*** Working data Section Begins ***
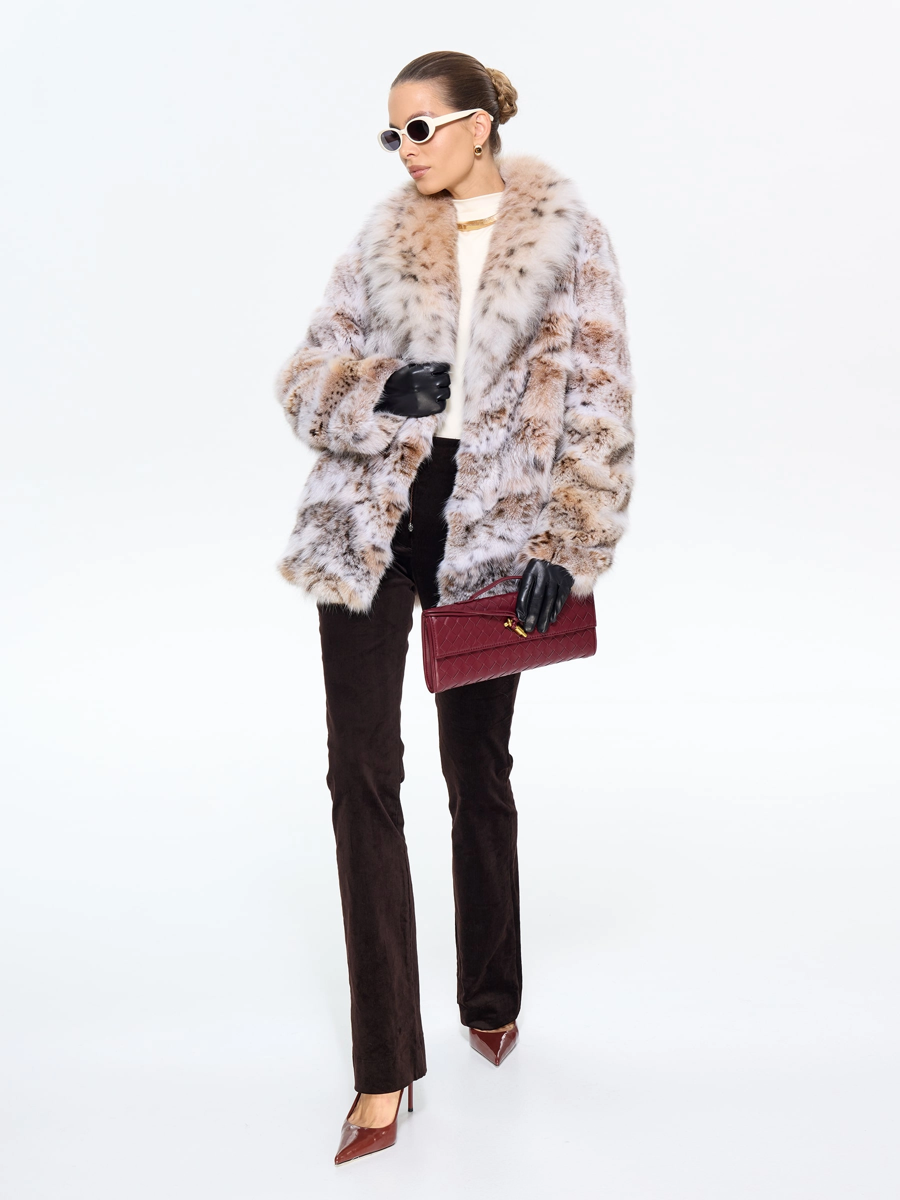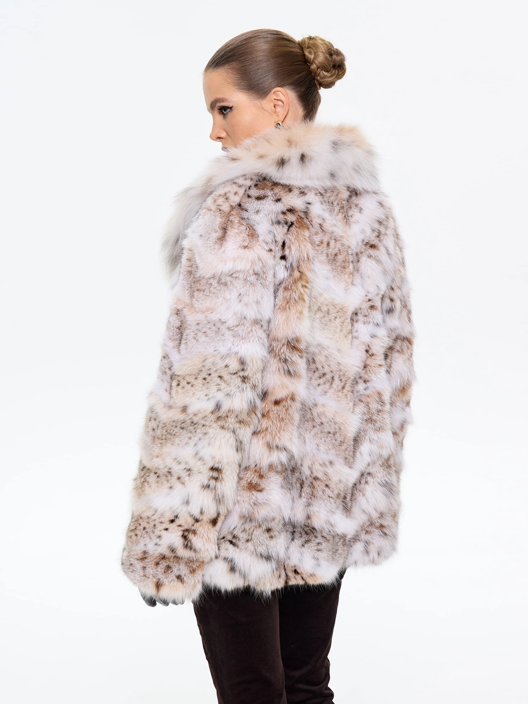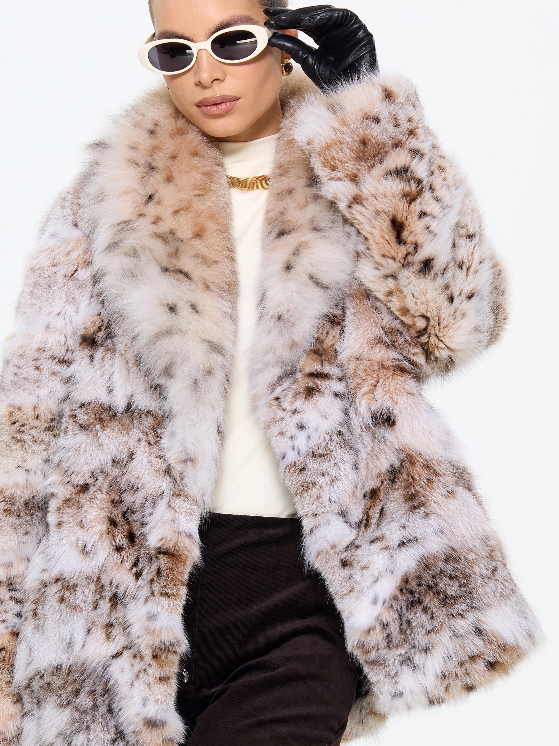 Шуба из меха рыси с роскошным шалевидным воротником — это воплощение смелой элегантности. Её прямой силуэт и длина 75 см создают идеальный баланс между классикой и современностью, а скрытые карманы и удобные клипсы подчеркивают практичность. Для создания дерзкого образа стилисты рекомендуют набросить её на плечи поверх кожаных брюк и грубых ботинок — такой лук говорит о том, что вы не признаете правил и создаете свою собственную моду, где роскошь встречается с небрежной легкостью.
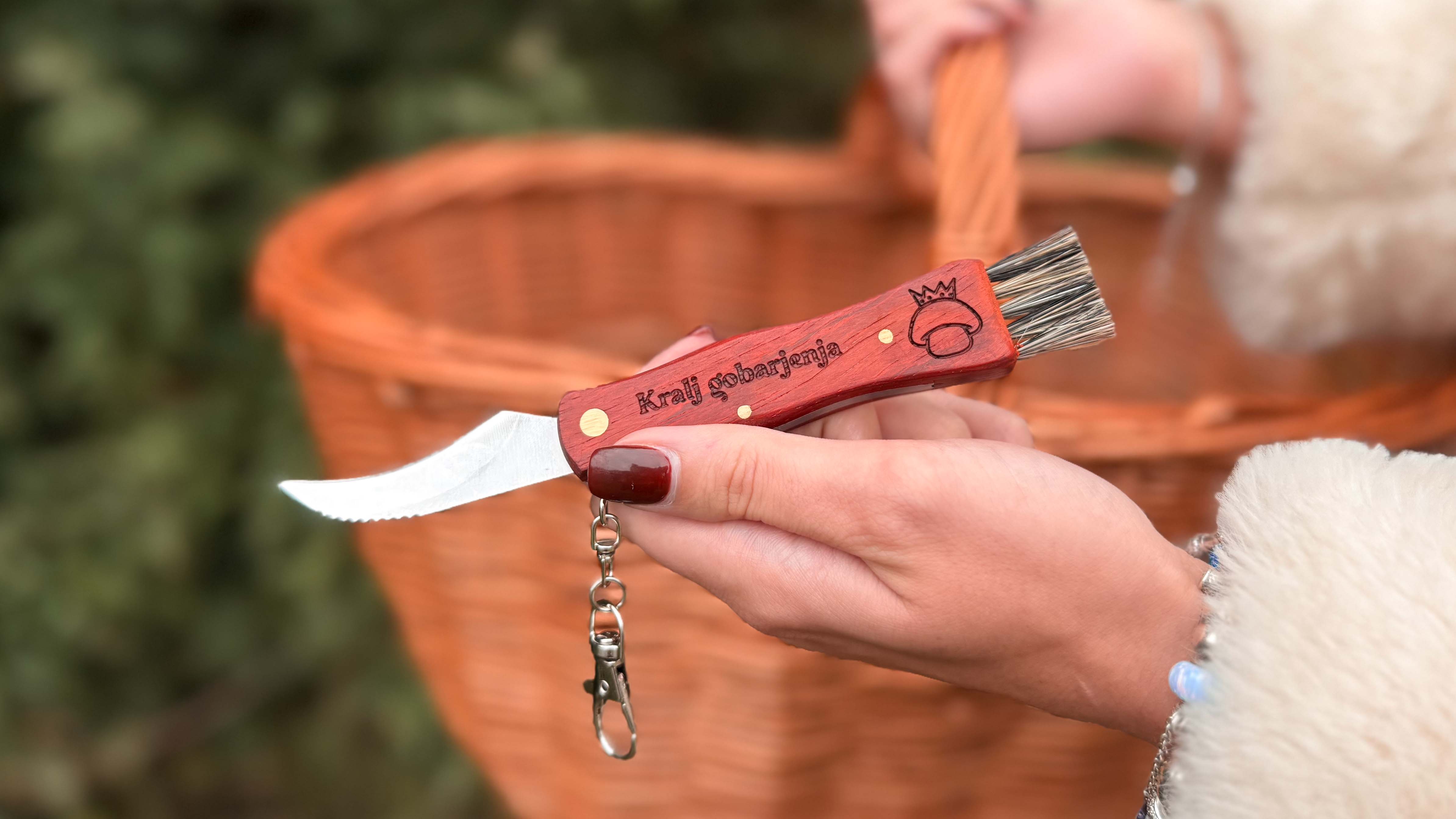 Gobarski nož s preklopnim rezilom in krtačko za čiščenje jurčkov je nepogrešljiv pripomoček vsakega gobarja. Leseni ročaj odlično sede v roko, posebna oblika rezila pa olajša delo z nožem.
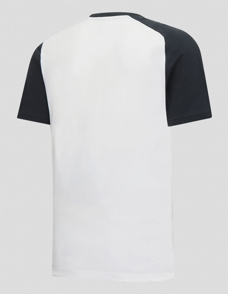 オレンジの差し色が鮮やかで印象的なTシャツ。ラグランスリーブ構造で100%コットン素材。
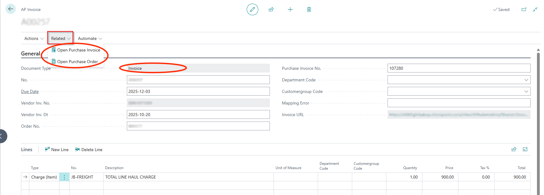 The system is equipped to automatically recognize and extract additional charges from an invoice, such as freight, insurance, or customs fees. The allocation of these costs is governed by the configuration on the vendor card, specifically the Item Charge Vendor settings detailed previously. This ensures that supplementary costs are correctly applied to the relevant inventory items for accurate financial valuation. For full traceability, users can easily view the related Purchase Order and the created Purchase Invoice directly from the related documents tab on the AP Invoice document page.
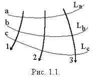 Из векторного анализа известно, что вектор градиента всегда ортогонален поверхности уровня функции, т. е. поверхности, на которой функция постоянна. В данном случае поверхность уровня для эйконала представляет собой волновой фронт, следовательно s – орт нормали к волновому фронту. Исходя их уравнений Максвелла можно показать, что направление вектора Пойнтинга, определяющего перенос энергии света, совпадает с вектором s. Таким образом, линии вектора s представляют собой геометрические световые лучи. Рис. 1.1 иллюстрирует тот факт, что семейство волновых фронтов (a, b, c) и семейство световых лучей (1, 2, 3) образуют ортогональную (в общем случае криволинейную) сеть.
*** Working data Section Ends ***
**Brief:** From the records above, output only the lines starting at the one containing "オレンジの差し色が鮮やかで印" and ending at the one containing "The system is", word for word. Pictures stay out.

**Written solution:**
 オレンジの差し色が鮮やかで印象的なTシャツ。ラグランスリーブ構造で100%コットン素材。
 The system is equipped to automatically recognize and extract additional charges from an invoice, such as freight, insurance, or customs fees. The allocation of these costs is governed by the configuration on the vendor card, specifically the Item Charge Vendor settings detailed previously. This ensures that supplementary costs are correctly applied to the relevant inventory items for accurate financial valuation. For full traceability, users can easily view the related Purchase Order and the created Purchase Invoice directly from the related documents tab on the AP Invoice document page.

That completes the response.